Restoring From an Incremental Backup

When restoring a backup with gpdbrestore, command line output displays whether the backup is an incremental or a full backup. If the gpdbrestore option -q is specified, the backup type information is written to the log file.

With the gpdbrestore option --noplan, you can restore only the data contained in an incremental backup.

With the --list-backup option you can display the full and incremental backup sets required to perform a restore.

Using Direct I/O

Direct I/O allows you to bypass the buffering of memory within the file system cache. When Direct I/O is used for a file, data is transferred directly from the disk to the application buffer, without the use of the file buffer cache. Direct I/O benefits applications by reducing CPU consumption and eliminating the overhead of copying data twice: first between the disk and the file buffer cache, and then from the file.

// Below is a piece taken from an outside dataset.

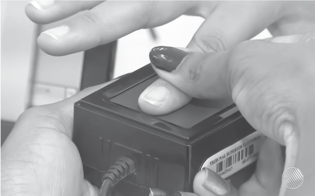
Biometria tem objetivo de tornar as eleições mais seguras

Segundo o TSE, o cadastramento biométrico ocorre em todo o país desde 2008, mas os prazos são estabelecidos em cada estado pelo Tribunal Regional Eleitoral (TRE). Veja a lista de endereços dos sites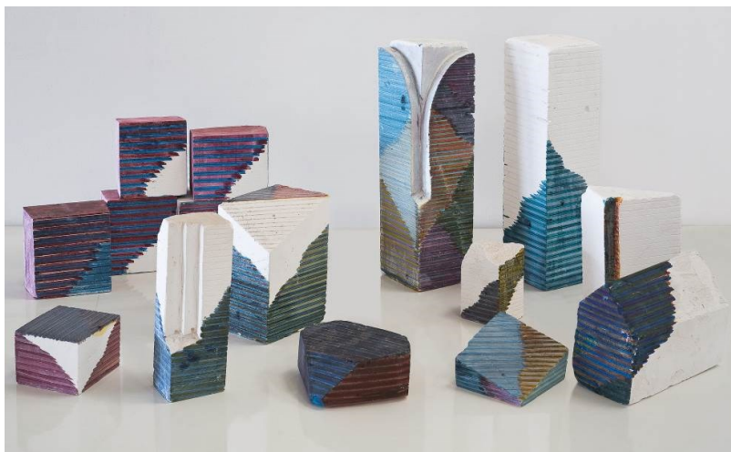
Jean-Michel Meurice, Hommage à Malevitch , 1980 © Jean-Michel Meurice - Adagp, Paris 2017

Note: Direct I/O is supported only on RHEL, CentOS and SUSE.

Turn on Direct I/O

$ gpconfig -c gp_backup_directIO -v on

Decrease network data chunks sent to dump when the database is busy

$ gpconfig -c gp_backup_directIO_read_chunk_mb -v 10

The above command sets the chunk size to 10MB; the default chunk size is 20MB. The default value has been tested to be the optimal setting. Decreasing it will increase the backup time and increasing it will result in little change to backup time.

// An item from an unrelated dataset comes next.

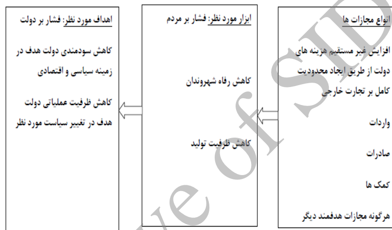
شکل ۳. اهداف راهبردی آمریکا و اتحادیه اروپا از تحریم اقتصادی ایران

تحریم اقتصادی ایران را می‌توان در قالب سیاستگذاری چندجانبه نامتوازن جهان غرب تحلیل کرد. هدف اصلی ایالات متحده آمریکا افزایش غیرمستقیم هزینه‌های دولت از راه ایجاد محدودیت کامل بر تجارت خارجی بوده است. این محدودیت‌ها در حوزه‌های تجارت خارجی، مالی، فناوریانه و دیپلماتیک اعمال شده است. همان‌گونه که در شکل ۳ مشاهده می‌شود، هدف آمریکا و اتحادیه اروپا از اعمال سیاستگذاری چندجانبه نامتوازن، کاهش قابلیت‌های عمومی دولت و جامعه است. نشانه‌های این فرایند در شکل ۳ مشاهده می‌شود.

Verify the current data chunk size

$ gpconfig –s gp_backup_directIO_read_chunk_mb

Verify whether Direct I/O is turned on

$ gpconfig –s gp_backup_directIO

Using Data Domain Boost

Data Domain Boost is a gpcrondump and gpdbrestore option that provides faster backups after the initial backup operation, and provides deduplication at the source to decrease network traffic. When you restore files from the Data Domain system with Data Domain Boost, some files are copied to the master local disk and are restored from there, and others are restored directly.

With Data Domain Boost managed file replication, you can replicate Greenplum Database backup images that are stored on a Data Domain system for disaster recover purposes. The gpmfr utility manages the Greenplum Database backup sets that are on the primary and a remote Data Domain system. For information about gpmfr, see the Greenplum Database Utility Guide.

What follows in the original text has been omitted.